▸ **Given data**
______________________________
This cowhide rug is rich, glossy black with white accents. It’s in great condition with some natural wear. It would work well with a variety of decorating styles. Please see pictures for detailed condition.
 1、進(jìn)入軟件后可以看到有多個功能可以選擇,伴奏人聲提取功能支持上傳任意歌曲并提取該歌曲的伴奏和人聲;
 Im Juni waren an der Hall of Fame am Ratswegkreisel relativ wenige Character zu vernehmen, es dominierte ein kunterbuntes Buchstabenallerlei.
______________________________
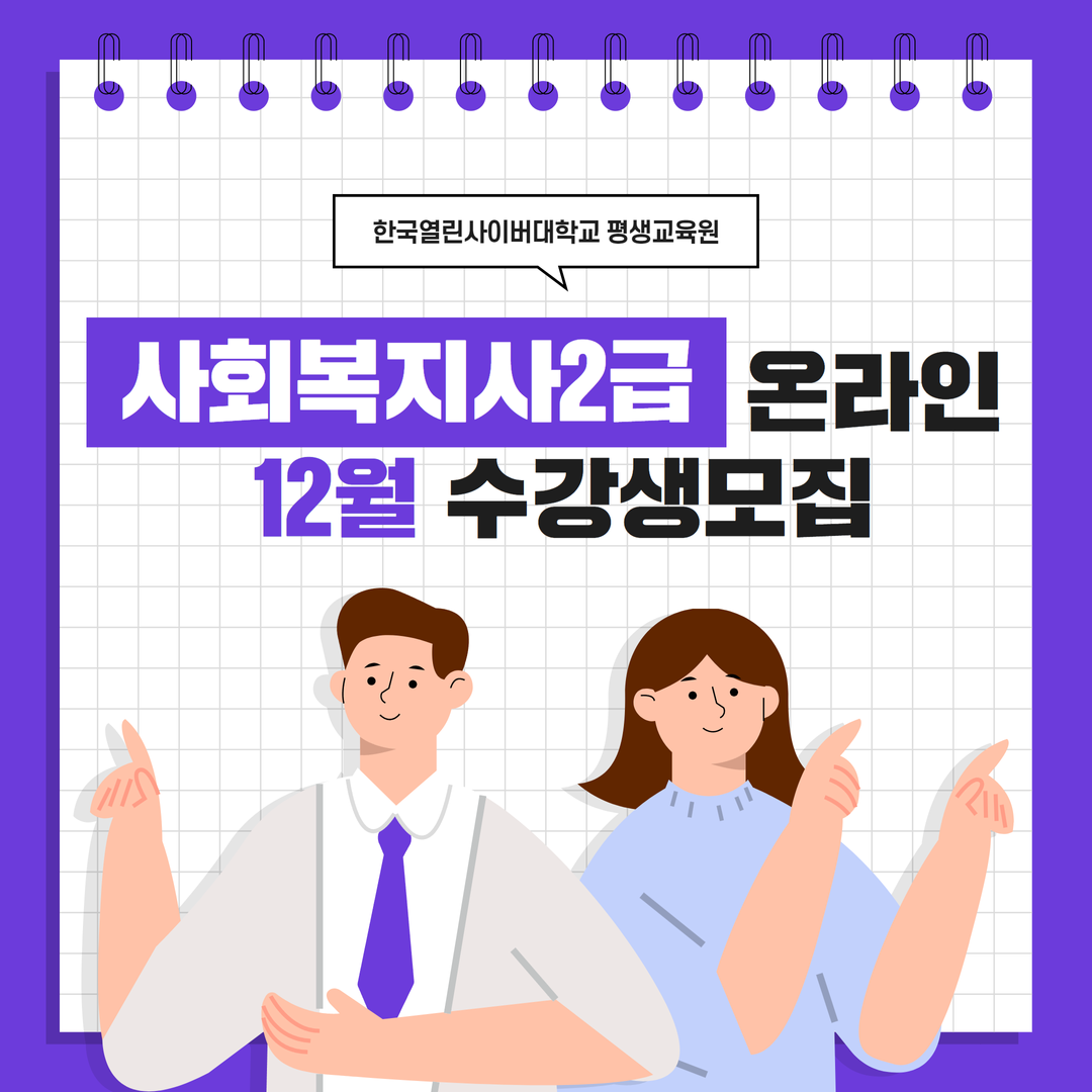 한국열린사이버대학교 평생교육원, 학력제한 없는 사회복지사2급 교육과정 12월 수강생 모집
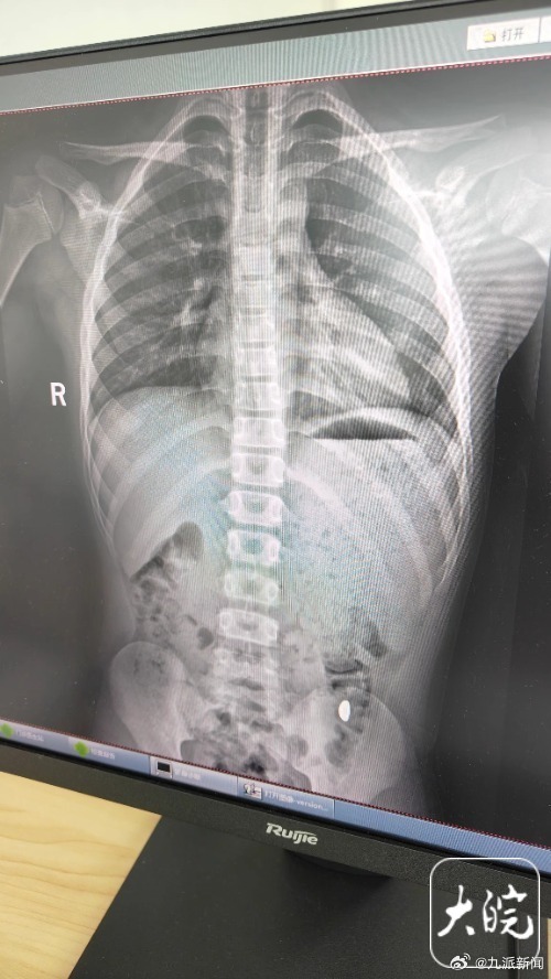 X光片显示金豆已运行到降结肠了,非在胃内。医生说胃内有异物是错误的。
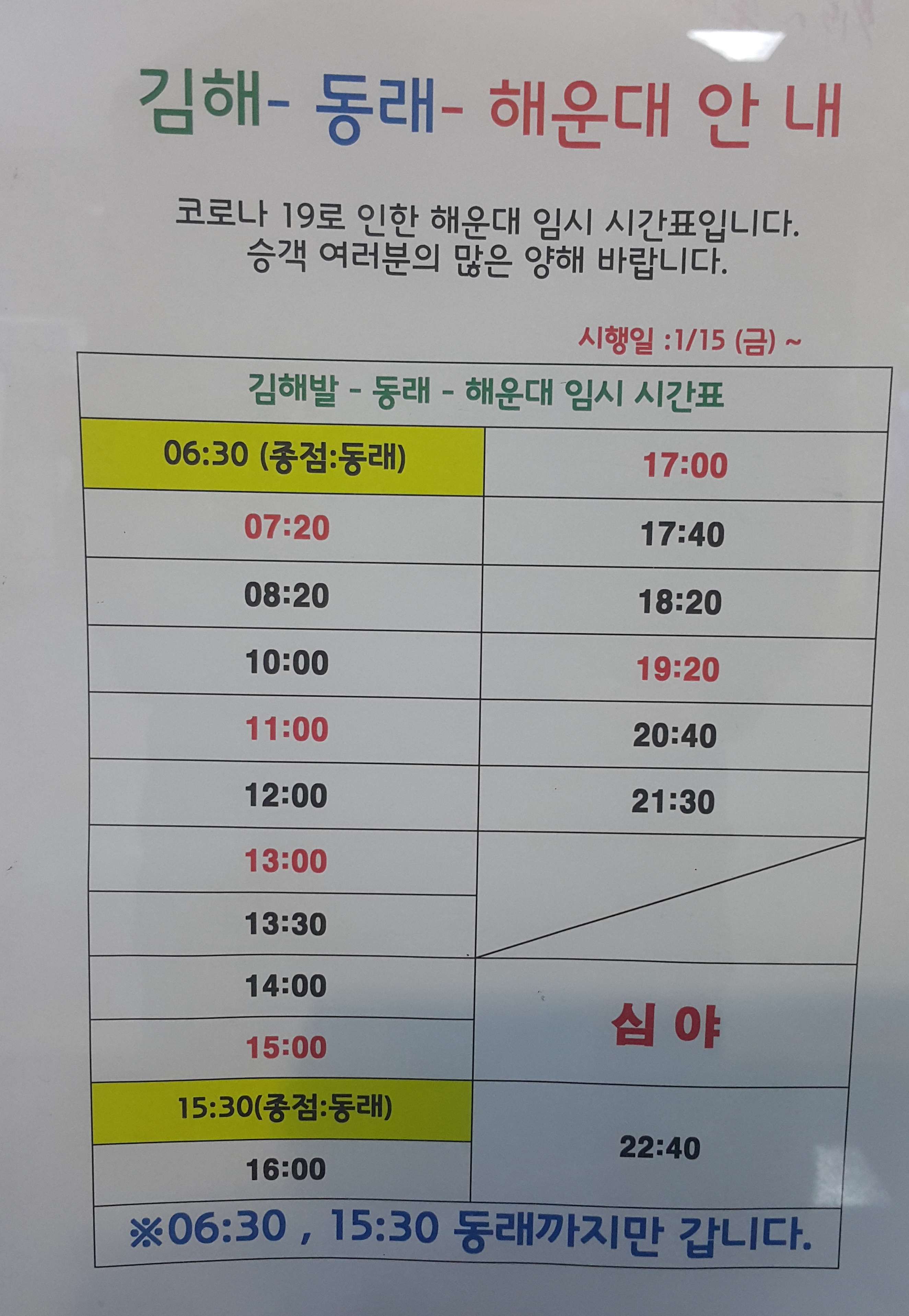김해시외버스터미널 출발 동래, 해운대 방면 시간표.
______________________________
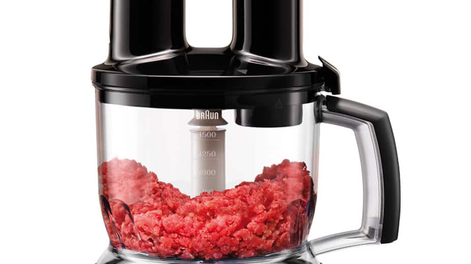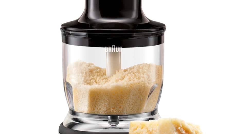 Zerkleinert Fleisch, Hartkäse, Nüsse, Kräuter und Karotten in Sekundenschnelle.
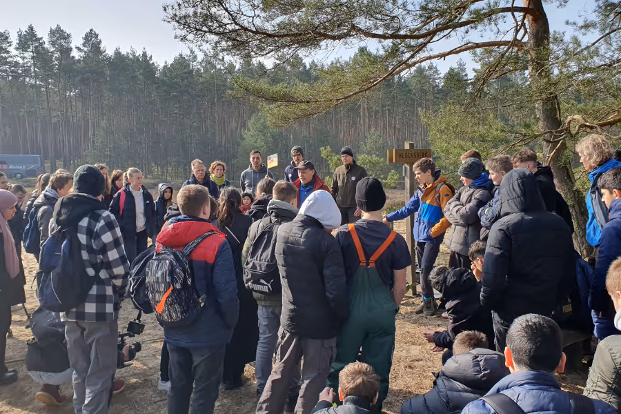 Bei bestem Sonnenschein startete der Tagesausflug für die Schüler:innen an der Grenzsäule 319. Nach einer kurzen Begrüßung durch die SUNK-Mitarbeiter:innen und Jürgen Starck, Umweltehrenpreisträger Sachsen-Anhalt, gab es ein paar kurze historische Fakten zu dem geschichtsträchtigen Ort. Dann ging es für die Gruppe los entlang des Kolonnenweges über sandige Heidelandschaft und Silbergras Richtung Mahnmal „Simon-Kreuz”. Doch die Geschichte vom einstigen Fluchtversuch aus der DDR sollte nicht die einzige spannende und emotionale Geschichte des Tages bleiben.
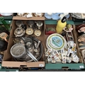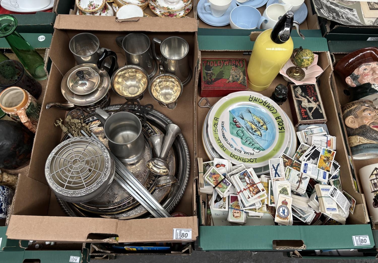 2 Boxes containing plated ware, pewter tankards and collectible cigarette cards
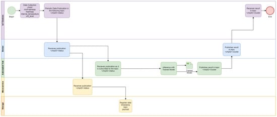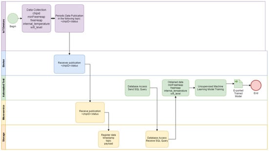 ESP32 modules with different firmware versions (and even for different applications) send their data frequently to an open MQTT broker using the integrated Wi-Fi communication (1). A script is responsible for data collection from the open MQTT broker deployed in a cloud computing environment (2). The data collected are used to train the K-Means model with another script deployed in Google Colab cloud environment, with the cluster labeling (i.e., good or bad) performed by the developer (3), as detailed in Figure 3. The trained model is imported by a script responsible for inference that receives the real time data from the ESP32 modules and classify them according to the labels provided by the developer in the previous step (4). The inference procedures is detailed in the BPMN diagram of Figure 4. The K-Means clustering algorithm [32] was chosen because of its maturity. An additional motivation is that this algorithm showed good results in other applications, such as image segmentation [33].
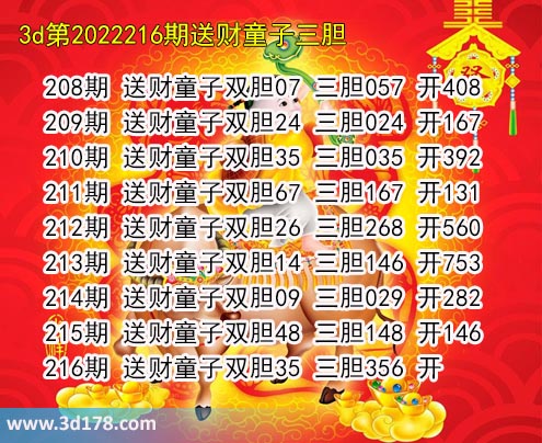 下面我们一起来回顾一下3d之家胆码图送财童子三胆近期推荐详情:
______________________________
Take the line above containing "This cowhide rug", the line containing "Im Juni waren", and all lines in between, and copy them exactly without anything else.

This cowhide rug is rich, glossy black with white accents. It’s in great condition with some natural wear. It would work well with a variety of decorating styles. Please see pictures for detailed condition.
 1、進(jìn)入軟件后可以看到有多個功能可以選擇,伴奏人聲提取功能支持上傳任意歌曲并提取該歌曲的伴奏和人聲;
 Im Juni waren an der Hall of Fame am Ratswegkreisel relativ wenige Character zu vernehmen, es dominierte ein kunterbuntes Buchstabenallerlei.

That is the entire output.